Last May, ESPN’s Jeremy Schapp produced this heartbreaking story for E:60 about the mistreatment of foreign workers in Qatar. It is essential viewing, stunning in its report of workers lured from countries like India, Pakistan, and Nepal by the promise of decent wages (which they could use to help support families back home) to work on stadium and infrastructure construction projects for the 2022 World Cup.
As Schapp reports, Qatar has less than 300,000 citizens, so over one million foreign workers comprise 94% of Qatar’s labor force. Once in Qatar, these foreign workers are made to sign restrictive labor contracts that make it impossible for them to leave the country (their employers even take possession of the workers’ passports). Hundreds of these workers have died of cardiac arrest attributable to extreme working conditions, poor diet, and unsanitary living quarters. Schapp interviewed Sharan Burrow, General Secretary of the International Trade Union Confederation, who says “Qatar is a slave state in the 21st century… [for these workers] It’s a life of squalor. You are trapped in Qatar.”
Unfortunately the E:60 story made few ripples in the media, swamped instead by the pre-Brazil 2014 World Cup hype. Naturally, people will find reasons to protest the World Cup taking place in just about any country in the world (Russia 2018 is a topic for another day), but the lack of human decency toward workers in Qatar as reported by Schapp is particularly grievous.

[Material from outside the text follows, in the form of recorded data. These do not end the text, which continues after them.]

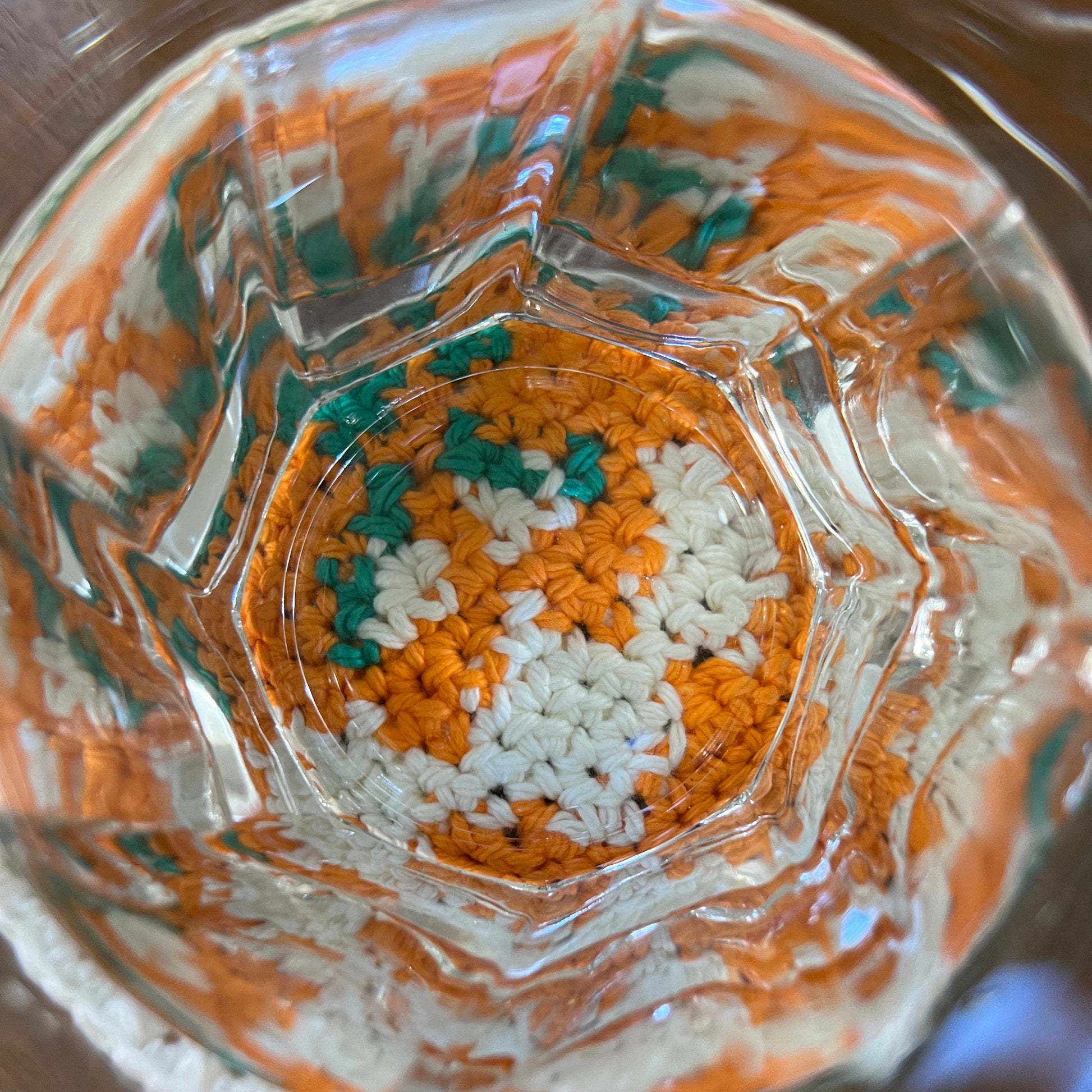 Dimensions: ~5 in (will vary on the coaster & yarn used)
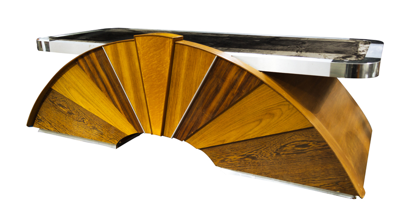 An Exotic Woods, Steel, Acrylic and Aluminum Desk
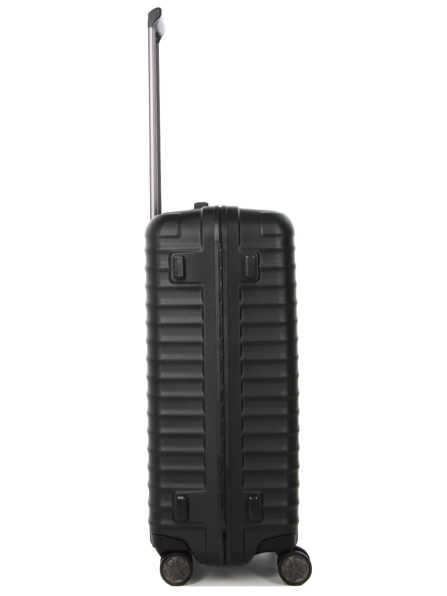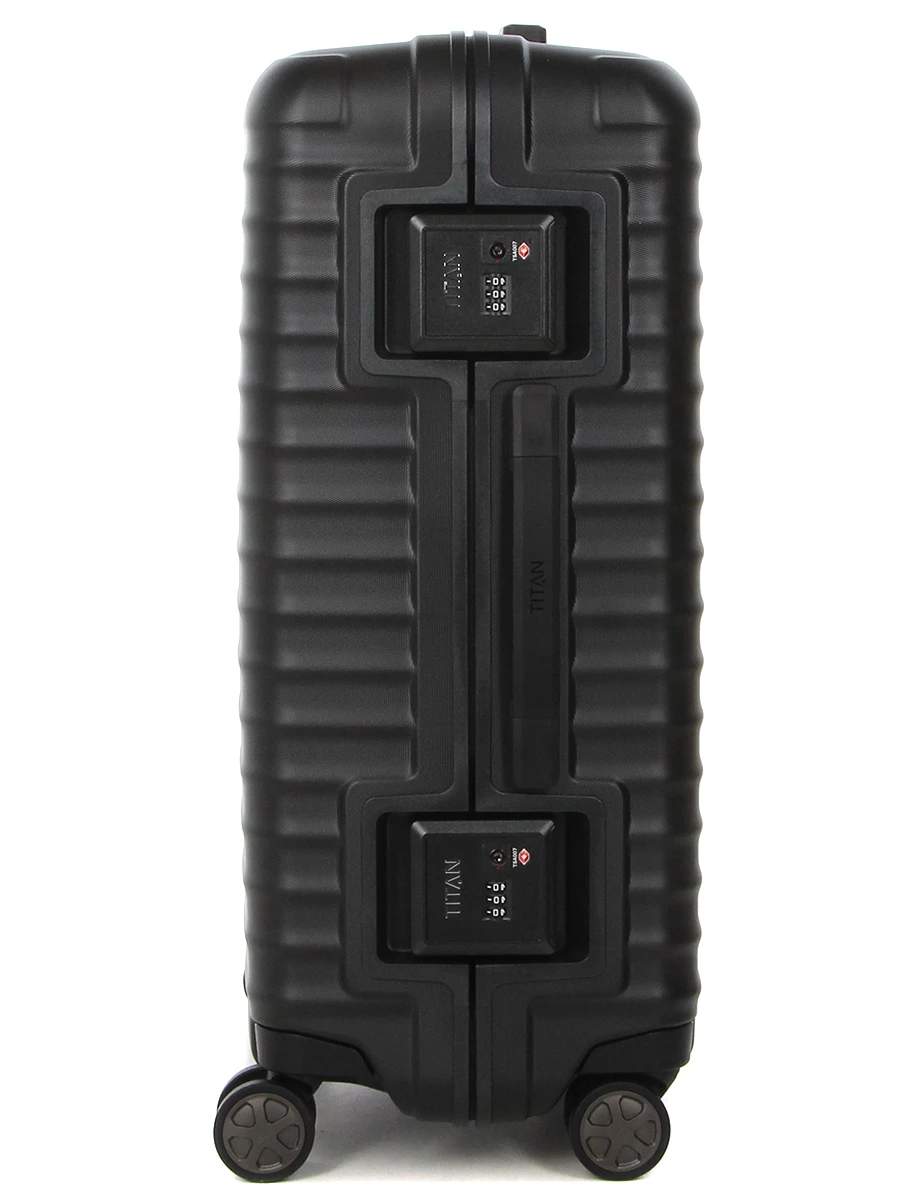 La valise Titan Litron Frame M glisse silencieusement et en douceur sur ses 4 doubles roues multidirectionnelles. Sa poignée télescopique double canne est ajustable en plusieurs positions pour plus de confort. Pour faciliter son portage dans les escaliers, elle est également munies de 2 poignées. Sur le côté, des patins rigides lui octroient une bonne stabilité lorsqu’elle vient à être posée sur la tranche. Son dispositif de fermeture à attaches à cadre 2 points sécurisés par 2 serrures TSA à code sont l’assurance de voyages sereins en toutes circonstances.

Disturbingly, FIFA has the leverage and resources to easily stop these abuses yet stubbornly refuses to do so. At the very least FIFA could and should pay for full-time inspectors on the ground in Qatar to help ensure these workers receive basic, fair protections. FIFA would never miss the money it would take to construct basic apartments for these workers that would easily be more luxurious than the sites where so many currently dwell.